受け入れ編・消視点、新たな任と大きな障害
皆様初めまして…私設隠密奇襲部隊・空蝉所属、色喉族の消です…
今回は佐助様からあらすじの任を受けましたので、僭越ながら…
前回は、エクス殿と灰の戦いの終止符について描かれておりましたね。
灰の奴…不器用で不愛想なんですけど、仲間意識の強い空蝉の中でも群を抜いて仲間思いなんですよ…
それに、戦う相手にはしっかりと敬意をもって応えるので、空蝉内でも人気なんですよね…
あれでも狼牙隊長を超える年齢ですからね…
というわけで今回から再び、私・怪・虚・狼牙隊長の分身の視点でのお話になります。
消 (エクスボイス)「よし、これでこの辺りの家族連れは保護できましたね。」
怪「さて…あとは地下に戻るだけだな。」
虚「新たな任はないのか?」 (コクコク…)
怪「そうだな、狼牙隊長、新たな任はございますか?」
分身狼牙「あぁ、今本体が影烏をこちらに飛ばしたようだ、あともう少しで到着するはずだ。」
そうこうしていると、影烏が到着する。
消「ありがとうな。」
影烏に付いている手紙を取り、中身を確認した…
狼牙 (手紙)「(家族以外の民も保護しろ)」
消「なるほど…」
怪「なぜこのような新たな任を?」
怪が分身狼牙に聞く…
分身狼牙「さぁ…私は狼牙ではあるが、本人ではない…本体と分身間での記憶の共有はまだできていないからな。」
虚「本体の方が大臣達の話を聞いて判断したのでは?」 (コクコク…)
分身狼牙「あぁ、恐らくはそうだろうな。
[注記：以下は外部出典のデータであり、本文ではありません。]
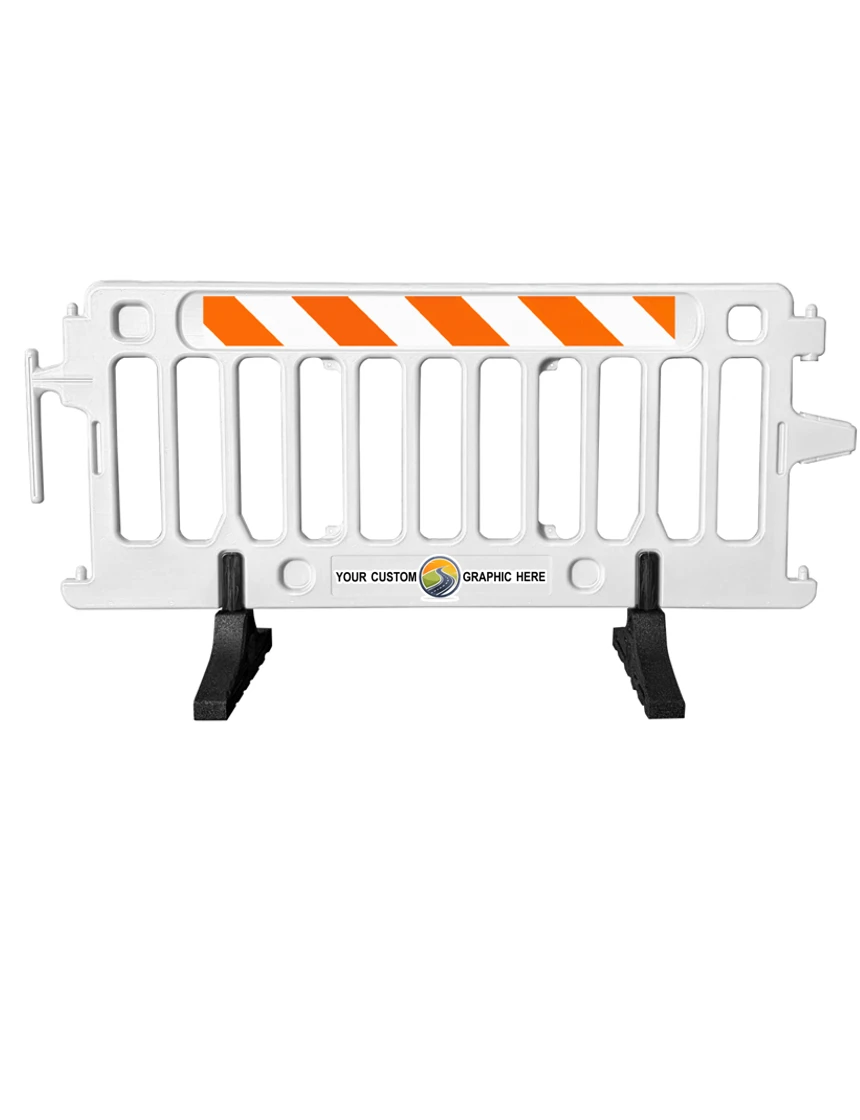 6' Long X 39 1/2" Tall, Plasticade Crowdcade Crowd Control System, White w/ EG Sheeting On One (1) Side w/ Full Color Custom Graphic

」
消「(言葉発してないのに…なんで意思疎通できてるんだ?)」
一見、虚は普通に会話しているように見えるが、実際は声を相手の脳に直接届けているのである。
空蝉所属・不臓族の虚は、生まれた瞬間、体や臓器のどこかが欠損している種族の生まれであり、重要部位であればあるほど、その能力に差が生まれる。
虚の場合、生まれつき声帯が無く、声を発することができない…だが、思った声を相手に届ける能力と、口を開いた際、衝撃波を生む能力を持っている。
虚のコクコクと頷く動きは、声を相手に届けるのに必要な動作なのである。
なお、このことを知るのは、空蝉内でも同じ隊に所属している、灰・霧・空・怪、そして狼牙のみである。
分身狼牙「消、この辺りに他の民は何人いる?」
消「あ、はい…この辺りは…」
怪「消‼伏せろ‼」
怪の声と共に一同は身をかがめた…
ふと壁の方を見ると、壁の一部が溶けていた…
虚「まさか…エクセクトルの…」 (コクコク…)
怪「あぁ…ちょっとまずいな…」
怪はがれきを一つ手に取り…
怪「(ボソッ…)エクス…民を救え…薬屋の近くの井戸…ヴァル王国…」
するとがれきがエクスそっくりになり、自分から動きだした…
怪は姿化族の生まれであり、物体に命令を与えて、姿を化かすことができる種族である。
だが、ややこしい命令を遂行させるのも、本物そっくりに化かすのにも、かなりの技術を要する…おまけに、術士である怪にダメージが入ると、即・術が解けてしまう…
分身狼牙「民の方は人形に任せよう…」
怪「本当は消に行かせたいですけど…相手がエクセクトルなら…油断できない…」
虚「怪…攻撃受けないよう…気を付けて…」 (コクコク…)
怪「あぁ…自信ねぇけどな…」
分身狼牙「(スンスン…)来たぞ…できるだけ私が攻撃を引き受ける…」
4人は臨戦態勢に入った。
続く…
この度はオタク学生が異世界で勇者として転生したけど魔族達に味方しますを読んでいただきまして誠にありがとうございます。
ここ最近になって種族の説明がかなり多くなってきていると自覚している作者の妖峰輪廻です。
情報過多気味で申し訳ございません…
まぁ…種族説明が多くなってるのは、いろんな種族を増やしまくった私のせいなんですけどね‼ハハハ‼
というわけで今回は、少し特殊な種族、不臓族について触れていきます。
不臓族はその名の通り、臓器が不い種族の事です。
その失ったところを補うために、強力な能力を得るという感じの種族になります。
なので心臓がないと、とんでもなく強い能力に目覚めます…ですが、能力を使いすぎれば、失った部分を補いきれずに死に至ります。
作中に出てくる不臓族は、虚君だけですが、そういう種族だということをなんとな~くで覚えてもらって結構です。
それでは、また次のお話でお会いできるのを楽しみにしております。